If $a^3 \equiv b^3\pmod{11}$ then $a \equiv b \pmod{11}$.

Question

If $a^3 \equiv b^3\pmod{11}$ then $a \equiv b \pmod{11}$.

I verified the above statement for smaller values of $a$ and $b$ but I am unable to prove it in general. Please prove or disprove it. Can we replace $11$ by any other integer?

Answer 1

Here is a general statement:

If $p$ is a prime and $m$ is coprime with $p-1$, then $a^m \equiv b^m \bmod p$ iff $a \equiv b\bmod p$.

This follows from Fermat's theorem by writing $(p-1)(-u)+mv=1$ for $u,v \in \mathbb N$.

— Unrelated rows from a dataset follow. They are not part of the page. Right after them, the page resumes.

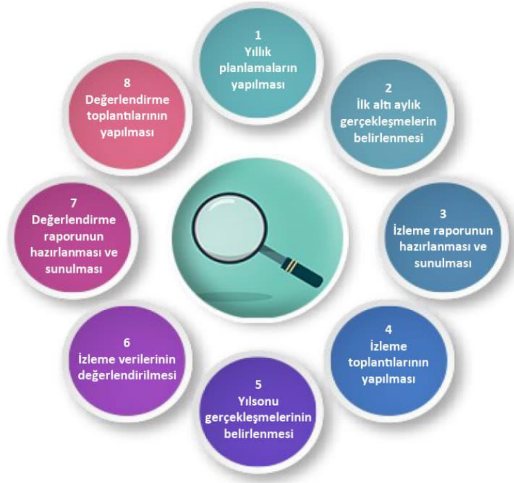
Şekil-4 İzleme ve Değerlendirme Süreci

İzleme ve değerlendirme sürecinin işleyişi ana hatları ile yukarıdaki şekilde özetlenmiştir. Okulumuz Stratejik Planı izleme ve değerlendirme çalışmalarında 5 yıllık Stratejik Planın izlenmesi ve 1 yıllık gelişim planının izlenmesi olarak ikili bir ayrıma gidilecektir. Stratejik planın izlenmesinde 6 aylık dönemlerde izleme yapılacak denetim birimleri, il ve ilçe millî eğitim müdürlüğü ve Bakanlık denetim ve sorumluların denetime hazırlık olarak izleme evraklarının hazırlanması sağlanacak.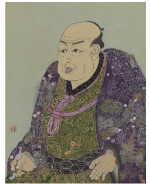
かたおかたまこ きたかわうたまる 片岡球子「喜多川歌麿」 昭和53(1978)年 国際交流基金蔵

■9月の休館日/2、9、17、24、30日 北茨城市大津町椿2083 ☎0293(46)5311 FAX0293(46)5711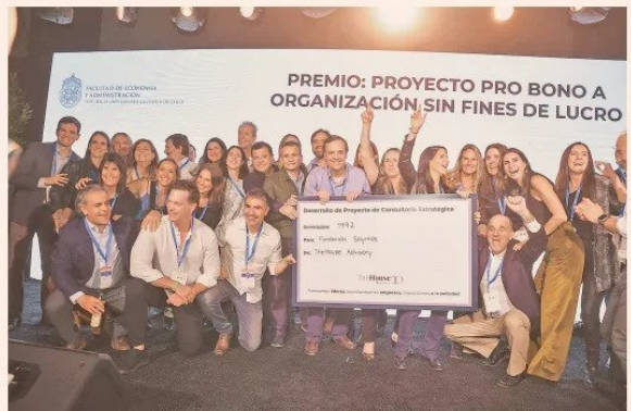
Entrega premio generación 1992 Ingeniería Comercial UC.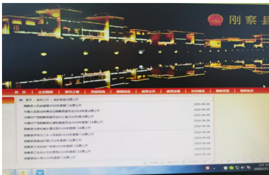
（图为“刚察县司法局”政务公开页面）

我局主动在刚察县政府信息公开网公开 2018 年度部门决算报表，接受群众和社会各界监督。2019 年我局制定文件 117 件，主动公开 15 件。微信“刚察藏汉双语普法平台”累计发布政府信息 124 条，主要反映我局开展普法宣传、人民调解、公证业务、法律援助、归正人员与安置帮教、社区矫正队伍建设等司法行政工作情况、政务动态、政策法规解释等内容。审核备案规范性文件 5 件，对外公开 5 件。行政事业性收费（公证费）12935 元，较去年减少 615 元。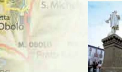
Statua di Colombo

Dedicata al grande navigatore originario di Pradello (Bettola), Piazza Colombo è proprio nel cuore del paese. Qui si affacciano gli edifici più importanti e si svolge l'animato mercato settimanale, eredità della vocazione commerciale che Bettola ha avuto fin dal Medioevo grazie alla strategica posizione lungo la Via dell'olio.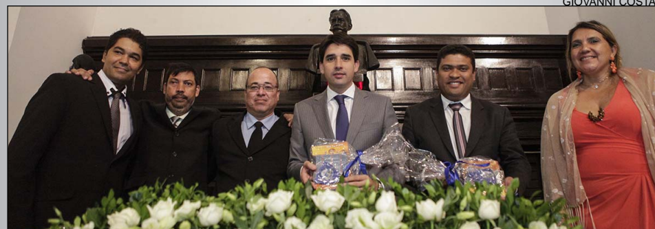
SOLEINIDADE - Durante a cerimônia, foi lançado o livro “O Hagadá do Pêssach do Sertão”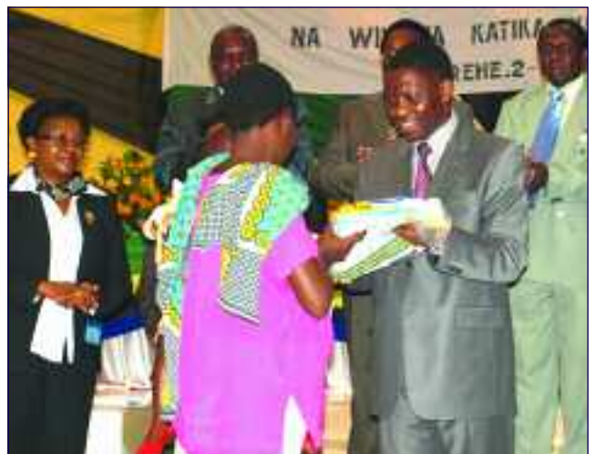
Waziri wa Afya na Ustawi wa Jamii, Prof. David Mwakyusa akitoa chandarua chenye dawa ya kudumu kwa muda mrefu kwa mama mwenye mtoto wa chini ya miaka mitano wakati wa uzinduzi wa kampeni mkoani Mbeya.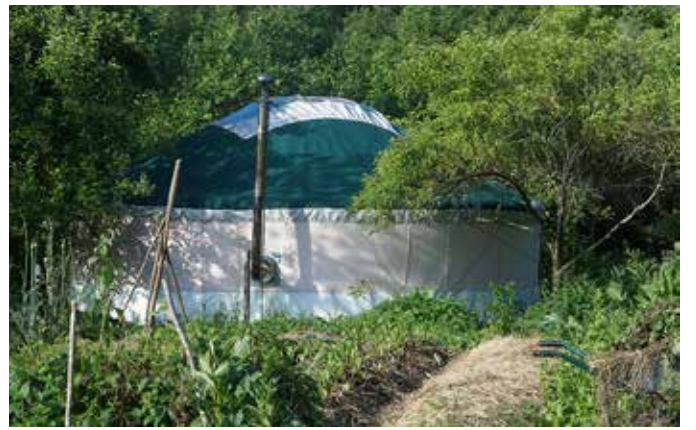
Bien caché !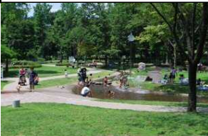
城山公園(約10.3ha) 約1.4haの多目的広場や市民の憩いの場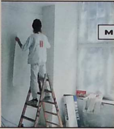
Mit Variovlies und Ovalit GF Konzentrat geht alles glatt

Probetapezierung eines Hotelzimmers: Mit der strukturlosen Vliesfaservariante geht alles glatt. Die Oberfläche wirkt einheitlich, die Stöße stimmen und bei der Verarbeitung gibt es keinen Ärger mehr mit störenden, juckenden Glasfasern.

In your example, $p=11$ and $m=3$. We can take $u=2$ and $v=7$ to get $10\cdot (-2) + 3\cdot(7)=1$. Write this as $1 + 10 \cdot 2 = 3\cdot 7 $. Then $$ a \equiv a \cdot a^{10 \cdot 2} = a^{1 + 10 \cdot 2} = a^{3\cdot7} \equiv b^{3\cdot7} = b^{1 + 10 \cdot 2} = b \cdot b^{10 \cdot 2} \equiv b \bmod 11 $$

Answer 2

If $11\mid ab$ we are done.

Say $11\not{\mid} ab$. Then by Fermat we have $$a^{10}\equiv b^{10}\equiv 1\pmod {11}$$

Since $$a^{9}\equiv b^{9}\pmod {11}$$ we have $$a^{10}\equiv ba^{9}\pmod {11}$$

so $$ 11\mid a^9(a-b)\implies 11\mid a-b$$

and we are done.